Before you flip the switch on the “Open” sign, you’ll need to decide what type of business structure is right for your future business. Unfortunately, it’s not as easy as waking up and deciding you’ll print some business cards to share with friends. Instead, you have to consider your options and put a lot of thought into the different types of structures before filing officially with the State of Texas.
Let’s start with some definitions of the types of business structures most common in Texas: (Note: Business structure definitions and regulations can change by state, so be sure to check locally.)
Types of Businesses:
Sole Proprietorship: This is when a person operates a business with no formal organization. If Jane Doe bakes cakes, her company will act as a sole proprietorship, either as “Jane Doe” or a DBA like “Janes Cakes,” for example. This is considered the “easiest” type of business structure to have; however, there is little to no legal or financial protection if something goes wrong.
General Partnership: This is when two or more people have a for-profit business, and they operate together. These partners may have a written partnership agreement, which is not required to be filed with the state. This can be troublesome if there is a legal issue in the future.
Corporation: When owners of a business are called “shareholders” under a single person that manages the company, usually a Director of the business. To be an official Texas Corporation, you must file with the Secretary of State and agree to meet minimum state requirements. There is an added layer of protection with a Corporation as the state law requires shareholder agreements. The option to add an “s” at the end of “Corporation” is the difference between tax elections, so check with your business attorney and tax specialist before deciding what works best for your company.
Limited Liability Company or LLC: An LLC has powers of both a partnership and a corporation. Owners of an LLC are called “members” and can be a person, a partnership of two or more, or a whole legal entity. An LLC provides the same legal and financial protections that corporations do but is simpler to operate since the members are not personally liable for potential damages and usually are provided with preferred tax treatment. The consensus is that this is a happy medium structure with flexibility and coverage.

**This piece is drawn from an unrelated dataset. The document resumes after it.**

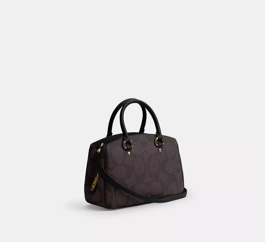 Savannah Small Carryall Bag In Signature Canvas Walnut Black Coach
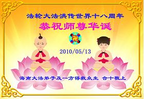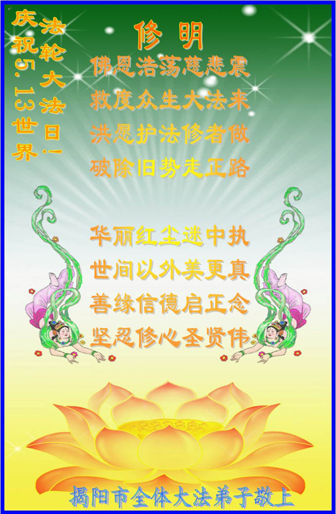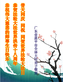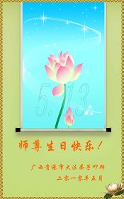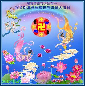 桂林全体法轮大法弟子恭祝师尊生日快乐!广东揭阳全体法轮大法弟子恭祝师尊生日快乐!广东揭阳大法弟子恭祝师尊生日快乐!广东汕头一家四大法弟子恭祝师父生日快乐!得法十几年 修心不迟疑 静心学大法 方知世人迷 去掉执著事 轻舟快如飞 恶浪风云变 迫害众法徒 随师正念足 立掌灭邪灵 做好三件事 世间佛道神 恰逢大法日 同表救赎恩 2010年4月24日

Limited Partnership: This is when a marriage of business structures combines a partnership with a general or limited partner. Of course, the limited partnership operates under the partnership agreement and certificate of formation.
Limited Liability Partnership: When a business wants to limit the liability of all general partners, it can file as a Limited Liability Partnership with the Secretary of State.
So, after reviewing the types of business structures, have you decided which one best applies to your business type? It’s a plethora of important information, so before you make any big decisions, always review the information with your business attorney and tax specialists. Regardless of what you choose, remember to protect your business with the right coverage. As always, your SOGO team is here to help out with any resources and advice you may need!
Still need help figuring out the location for your business? Check out our last blog “Location: The Most Underrated Part When Starting a Business” to learn more on why you need to re-think the location.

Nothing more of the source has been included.